The Celts said this spring was a gift from their god of the springs Sulis. When the Romans came they thought she sounded like their Goddess, Minerva so they combined the two and worshipped Sulis Minerva.

The excavators found a hundred curses written on sheets of pewter and lead. These curses were sometimes rolled before they were thrown into the spring.

Friday, 10 September 2010

Lake District

I would like to inform you all that even though I didn’t go near Italy; yesterday I did see the ruins of a Roman bathhouse in the Lake District, in England. There wasn’t much left, though some parts were surprisingly well preserved.  I thought there would be signs telling you to stay off the ruins, but all there was was a sign saying not to climb on them because you could get badly hurt. Sadly, Sam did not get to see the ruins because he went off on a hike with my parents, while I spent the day seeing things with my grandparents.  We went to a very small town called Ravenglass, which used to be an important Roman port. It was near the farm where we are staying. The baths were outside the Glannavantra fort located on the cliffs outside the town.  I found the fact that the baths were out of the fort quite interesting because there were, no other buildings outside the fort. The bathhouse ruins were a half-mile walk from the town.

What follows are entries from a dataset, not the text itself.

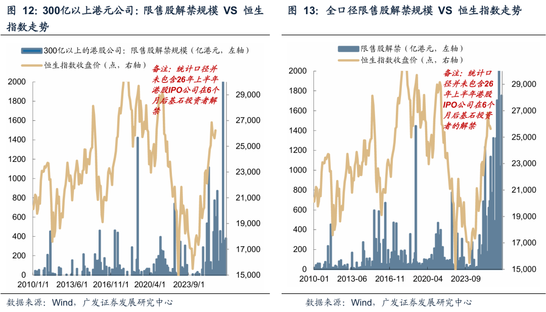 (4)港股天量IPO对市场影响不大,影响主要在于IPO过后6个月的解禁高峰。典型的例如11年年中、15年下半年、19年3月、21年二季度、22年年中,解禁潮都与港股下跌出现在相似时间段。26年3月主要是有色金属(核心股)(紫金黄金国际、南山铝业国际)+茶饮(蜜雪冰城)的解禁潮,中大型规模公司的解禁规模872亿港元,高于去年年末的解禁小高峰。由于港股通账户并不能够参与打新,享受稀缺性公司的上市红利,却需要承受限售股解禁带来的风险,这可能确实是南向资金对于2026年港股的主要担忧之一。
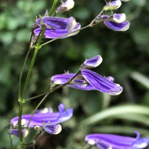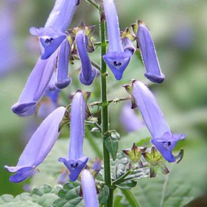 秋丁字(アキチョウジ) シソ科ヤマハッカ属の多年草。山地の半日陰に生える。高さは1mほどになる。長楕円状の葉は対生する。花期は8~10月。花は青紫色、筒形で胴長、花先は上下に開いた唇形。花の中に4本の雄しべと1本の雌しべがある。萼は朝顔形で先が5裂する。 秋咲きで、丁子(ちょうじ💬フトモモ科の樹木で、花の蕾を乾かしたものをクローブといい、香料に使う)に似た花を咲かせるのが名前の由来。 よく似た関屋の秋丁子(セキヤノアキチョウジ)との識別点は次の通り 秋丁子 ・花柄は1㎝以下と短く、細毛がある ・萼片が尖らない ・花序の幅が狭い ・岐阜県以西に分布する 関屋の秋丁子 ・花柄は1~2.5㎝と長く、毛がない ・萼片が細く尖る ・花序の幅が広い ・関東と中部地方に分布する 出典『山に咲く花』『秋の野草』『四季の野の花図鑑』『野草の名前 秋冬』
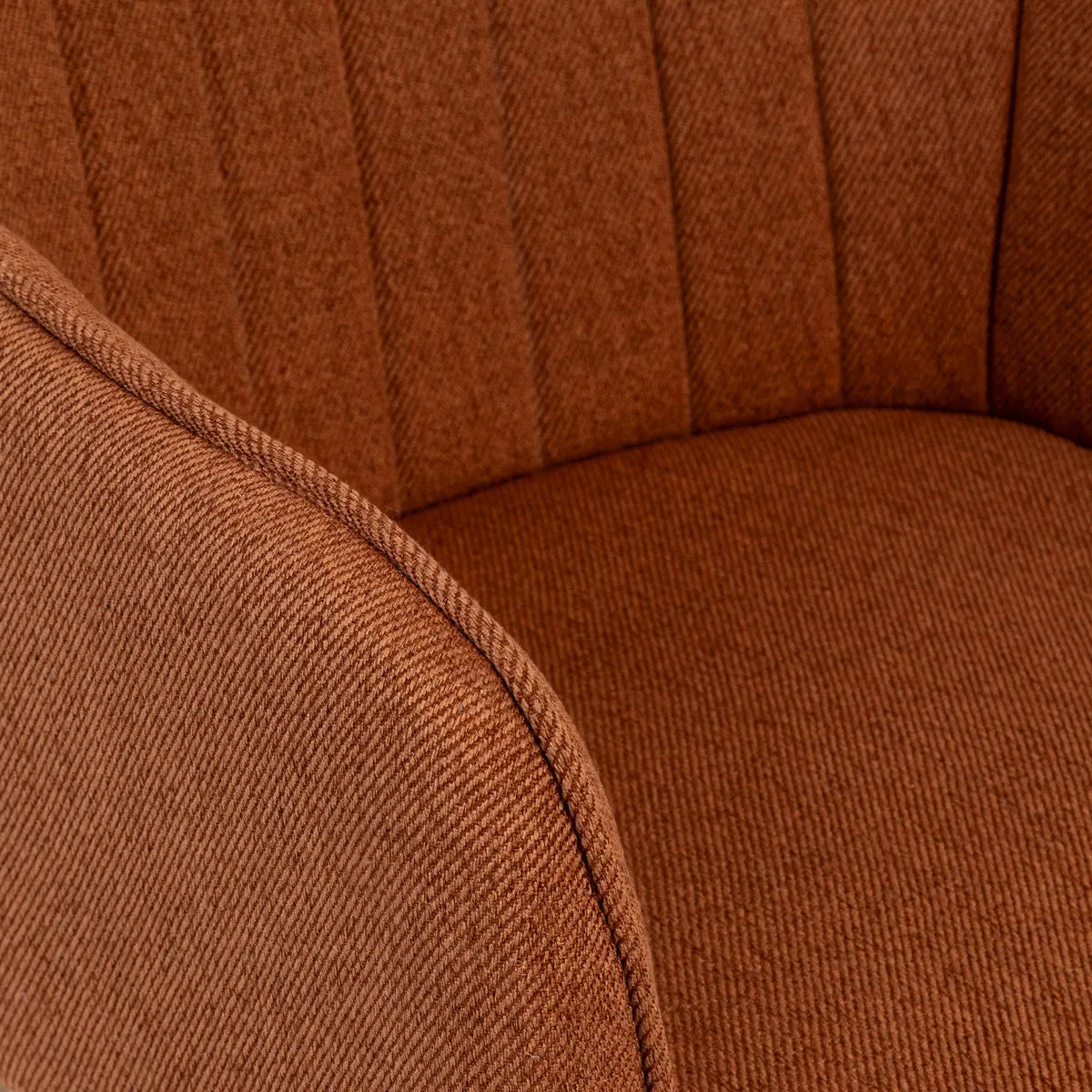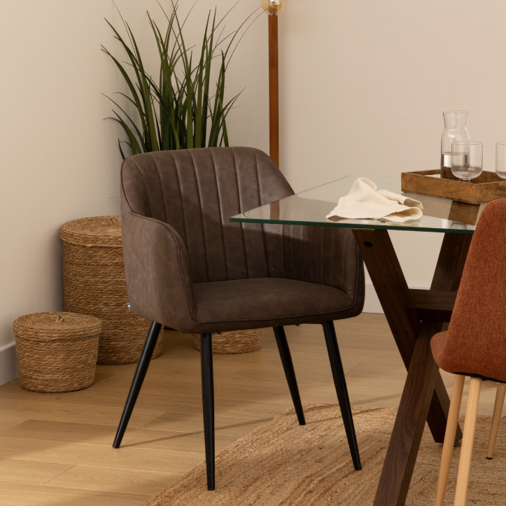 Столът впечатлява с модерна визия и приветливи линии, които лесно се вписват във всеки съвременен интериор. Металните крака създават стилен контраст с текстилната тапицерия, а релефът на облегалката и подлакътниците придава допълнителен чар. Практичен и универсален, този модел е подходящ за всекидневна, спалня или офис. С чаша кафе и книга в ръка ще се насладите на истински мигове на уют и релакс, а поддръжката е лесна – достатъчна е мека четка за освежаване на плата.

Today, we went to the Sunkenkirk Stone Circle from the Neolithic period, which my dad tells me, is Stone Age type time. The stone circle was in a field of cows, bulls and tourists. It is also known as Swinside Stone Circle.


We are communicating.




Later, we went to Ulverston and walked around aimlessly.
For dinner, we had pasta salad and leftovers. We all agree that the small trailer we are staying in needs a bigger pot but, I must say that 6 people, 4 of them adults, are a large group, not the usual number of people for a place of this size. For dessert, we had blackberry crumble with custard and Cadbury roses. The roses we picked up at Cadbury world, which I recommend you visit if you are in England. The blackberries we picked at the park in Broughton-in-Furness.

P.S. Cadbury World is in Birmingham, look it up on the Internet. J!!J!!J!!J!!J!!!!!!!!!!!!!!!!

P.P.S.I must tell you that we were just having supper and my dad asked me to get him the hot sauce he had bought. The sauce had a flip lid but he twisted the big cap and when he started shaking it so it would drip out faster but instead it poured out onto his potato a lot. He called them patatas bravas and ate them any way.  Bye.

P.P.S. don’t Mind my bad spelling.
P.P.P.S. I will have some pictures of the ruins but they are on my grandparent's camera and I will have to wait a few day's before postable.